__WORK REQUEST__
Word for word, copy the entire listing below, but do not carry over any pictures.

__INFORMATION GIVEN__
::::
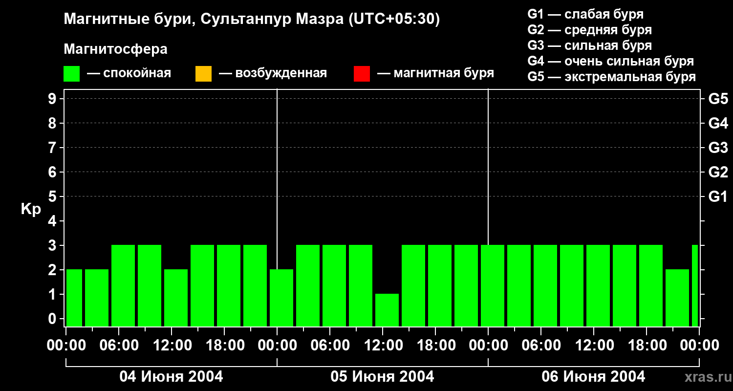 Магнитные бури в Сультанпур Мазре 6 июня 2004 года
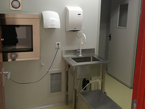(4)無菌室容積小而嚴密,使用一段時間后,室內溫度很高,故應設置通氣窗。通氣窗應設在內室進門處的頂棚上(即離工作臺最遠的位置),最好為雙層結構,外層為百葉窗,內層可用抽板式窗扇。通氣窗可在內室使用后、滅菌前開啟,以流通空氣。有條件可安裝恒溫恒濕機。
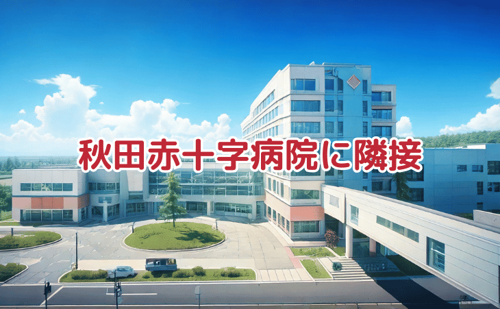 ・「秋田」駅東口からバスで15分、「日赤病院前」下車すぐ
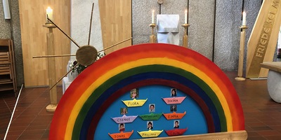 Das Symbol des Regenbogens begleitet drei Buben und fünf Mädchen auf dem Weg zur Erstkommunion.
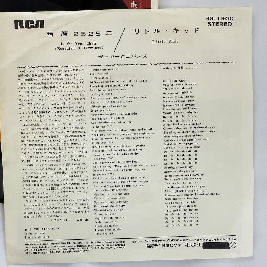 Zager and Evans 2525 AD Little Kids EP Record 7-inch Single Extended Play
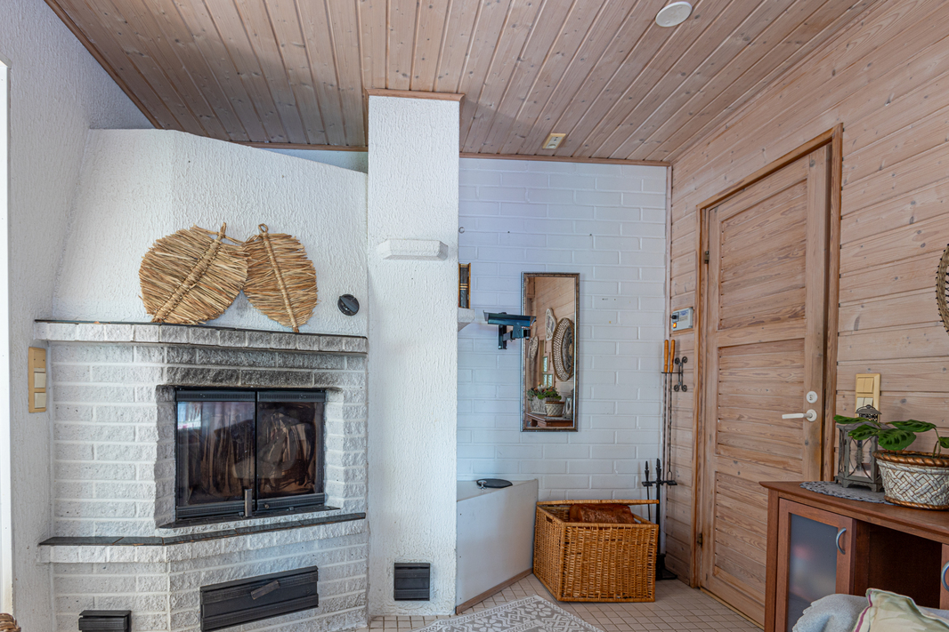 Kolme makuuhuonetta sekä takkahuone varaavalla tulisijalla tekevät kodista lämpimän ja käytännöllisen. Uusittu kodinhoitohuone omalla sisäänkäynnillä helpottaa arkea ja lisää asumisen mukavuutta.
::::
__RESPONSE BOX__
 Магнитные бури в Сультанпур Мазре 6 июня 2004 года
(4)無菌室容積小而嚴密,使用一段時間后,室內溫度很高,故應設置通氣窗。通氣窗應設在內室進門處的頂棚上(即離工作臺最遠的位置),最好為雙層結構,外層為百葉窗,內層可用抽板式窗扇。通氣窗可在內室使用后、滅菌前開啟,以流通空氣。有條件可安裝恒溫恒濕機。
 ・「秋田」駅東口からバスで15分、「日赤病院前」下車すぐ
 Das Symbol des Regenbogens begleitet drei Buben und fünf Mädchen auf dem Weg zur Erstkommunion.
 Zager and Evans 2525 AD Little Kids EP Record 7-inch Single Extended Play
 Kolme makuuhuonetta sekä takkahuone varaavalla tulisijalla tekevät kodista lämpimän ja käytännöllisen. Uusittu kodinhoitohuone omalla sisäänkäynnillä helpottaa arkea ja lisää asumisen mukavuutta.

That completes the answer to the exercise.